Leanne: Really?!? Is this new? I've had many other online artists tell me about upcoming collections 
	

	
	
		
		

		
			




Amy: I apologize, Leanne, yes. Please contact our Corporate Consumer Communications Department regarding future launches. Regrettably we are no longer authorized to provide this information.
Leanne: That's unfortunate 
	

	
	
		
		

		
		
	


	




 Now, I think many MAC addicts might be disappointed....I know many of us use that info to budget!
Amy: I understand, Leanne
Leanne: Ok..thanks anyway Amy
Leanne: Have a good night
Amy: Thank you
Amy: You too!




Anyone ever hear of this?!?


----------



## pucci (Apr 19, 2006)

This sucks 
	

	
	
		
		

		
		
	


	




Oh and maybe you can get someone to move this to the live chats section


----------



## Parishoon (Apr 19, 2006)

i thought i read somewhere on here that EL legal had specktra remove colour stories & other stuff b/c they're trying to "crack down" on leaks & prevent competetion from copying stuff & releasing it before MAC's collections.
However, I don't know how true that actually is b/c I'm just getting into MAC stuff


----------



## Wontpayretail23 (Apr 19, 2006)

Looks like the long arm of Estee Lauder is really cracking down.

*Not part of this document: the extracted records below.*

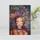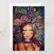 une représentation fantaisiste montre une personne souriante parée d'une couronne vibrante de fleurs et de feuilles. Le fond présente des motifs tourbillonnants qui ajoutent à l'atmosphère animée et joyeuse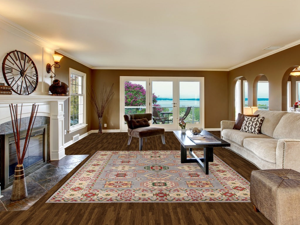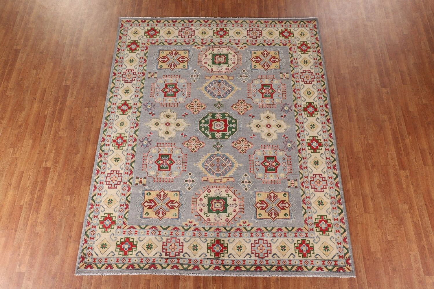 Gray Geometric Kazak Oriental Area Rug 8x10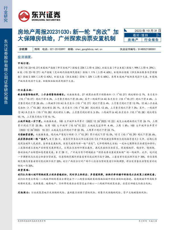 【东兴证券】【20231031】新一轮“房改”加大保障房供给,广州探索房票安置机制-18页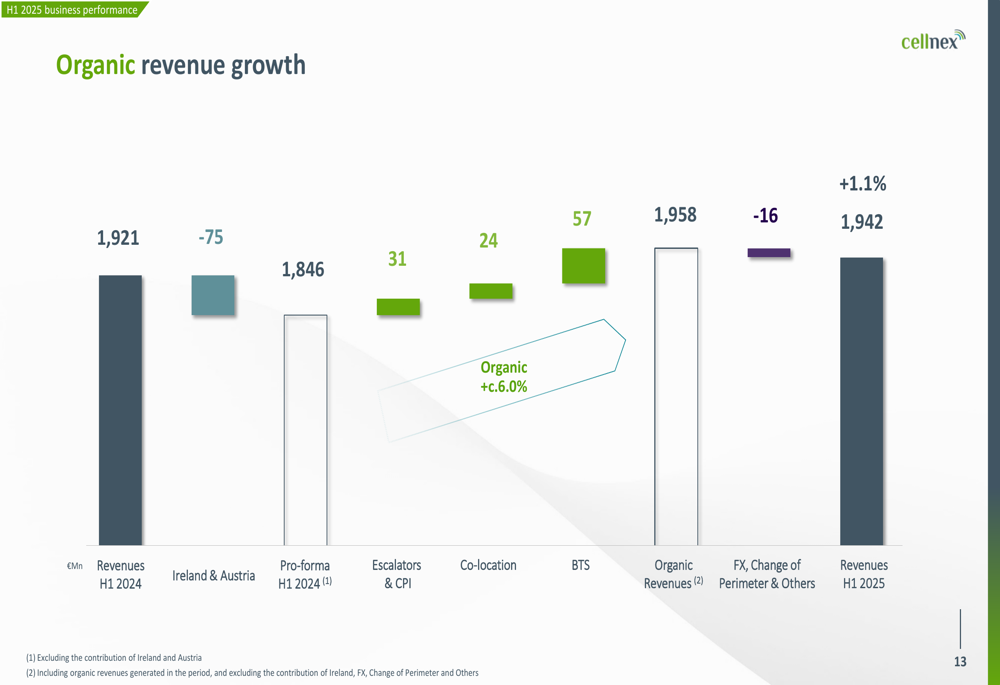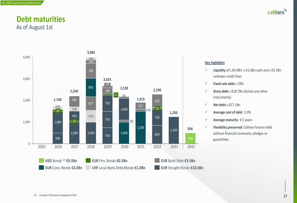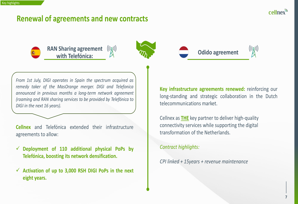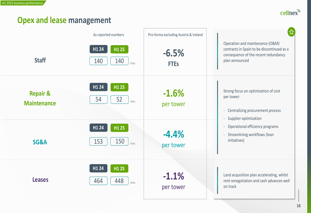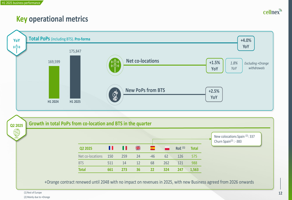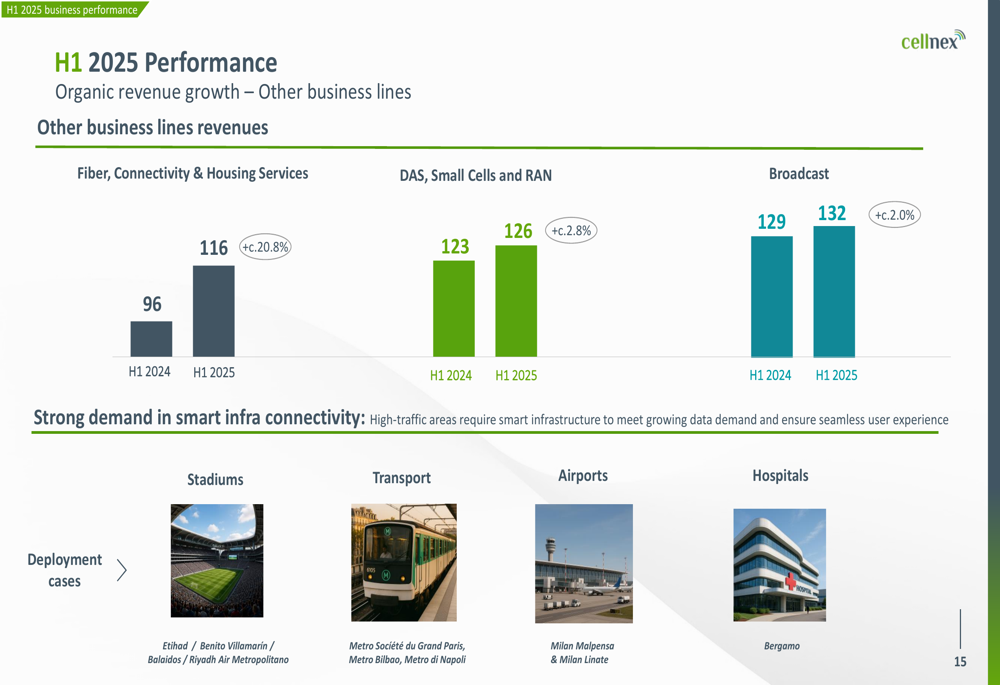 Cellnex made significant progress on strategic initiatives during H1 2025, reinforcing its long-term business stability. A key development was the renewal of its agreement with Odido in the Netherlands, extending their collaboration for an additional 15 years with CPI-linked terms that maintain revenue levels.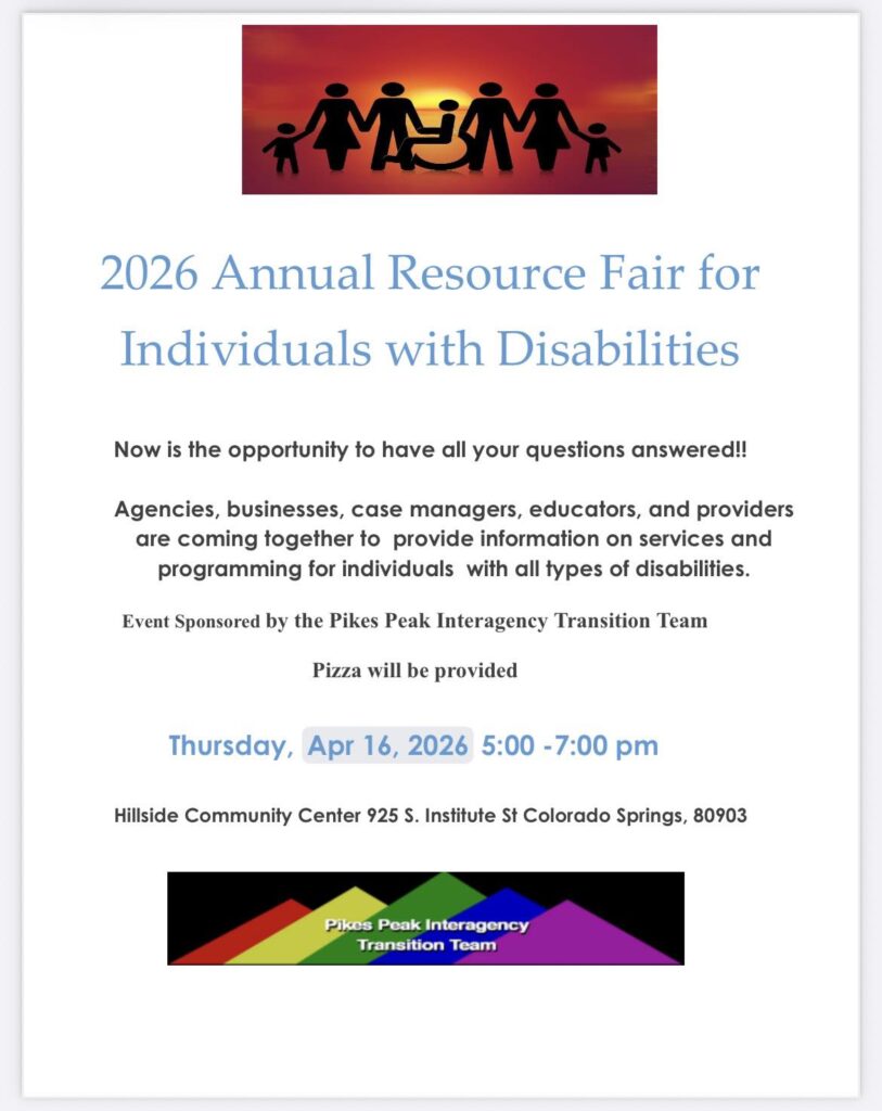 2026 Annual Resource Fair for Individuals with Disabilities April 7, 2026 by admin We are proud to be a part of 2026 Annual Resource Fair for Individuals with Disabilities. This event is Hosted by Pikes Peak Interagency Transition Team (PPITT) and takes place on April 16th from 5pm to 7pm in Colorado Springs. Join us!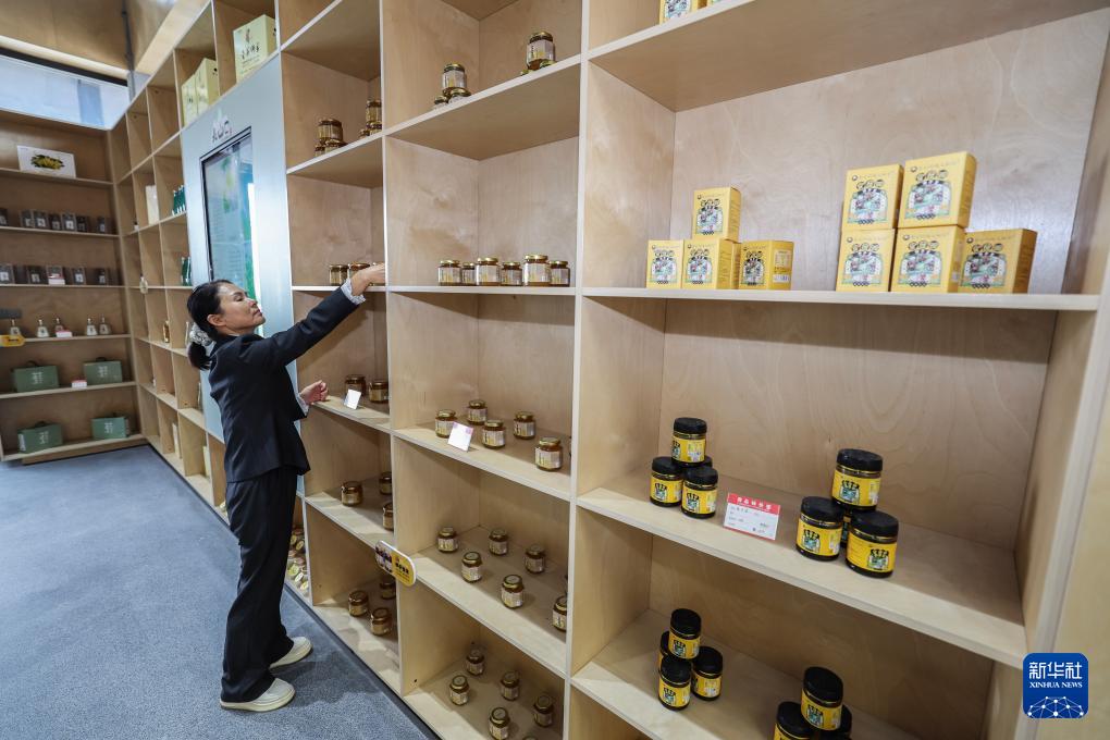 10月22日拍攝的位于金華市金東區(qū)赤松鎮(zhèn)北山口村的金華佛手農(nóng)林服務(wù)中心內(nèi)的商品展陳中心,展示和銷售包括佛手膏、佛手茶、佛手酒、佛手蜜餞等在內(nèi)的各類佛手衍生產(chǎn)品。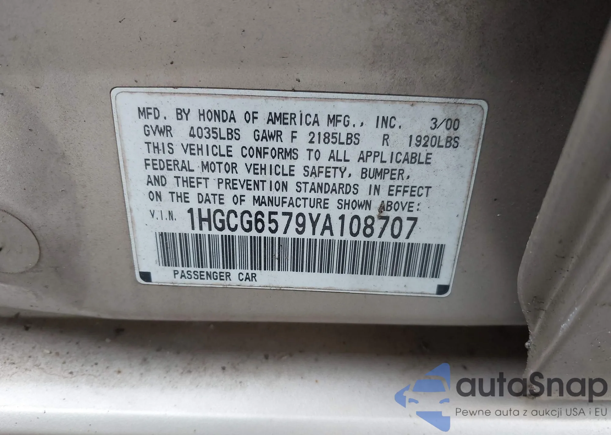 VIN: 1HGCG6579YA108707

Unfortunate.


----------



## allan_willb (Apr 20, 2006)

they really must be cracking down because amy tells us everything.wow, darn it.Oh and and I did try emailing the consumer communications ppl and it was no help at all it took them well over a week to get back to me and they said the same thing.Click here to view whats new thats it nothing else.


----------



## as_cute_as_pie (Apr 20, 2006)

how silly


----------



## cicconeyouth (May 7, 2006)

too bad because it's the hype that sells out their new collections the day they come out...


----------



## tinkerbelle (May 31, 2006)

Man, that bites.


----------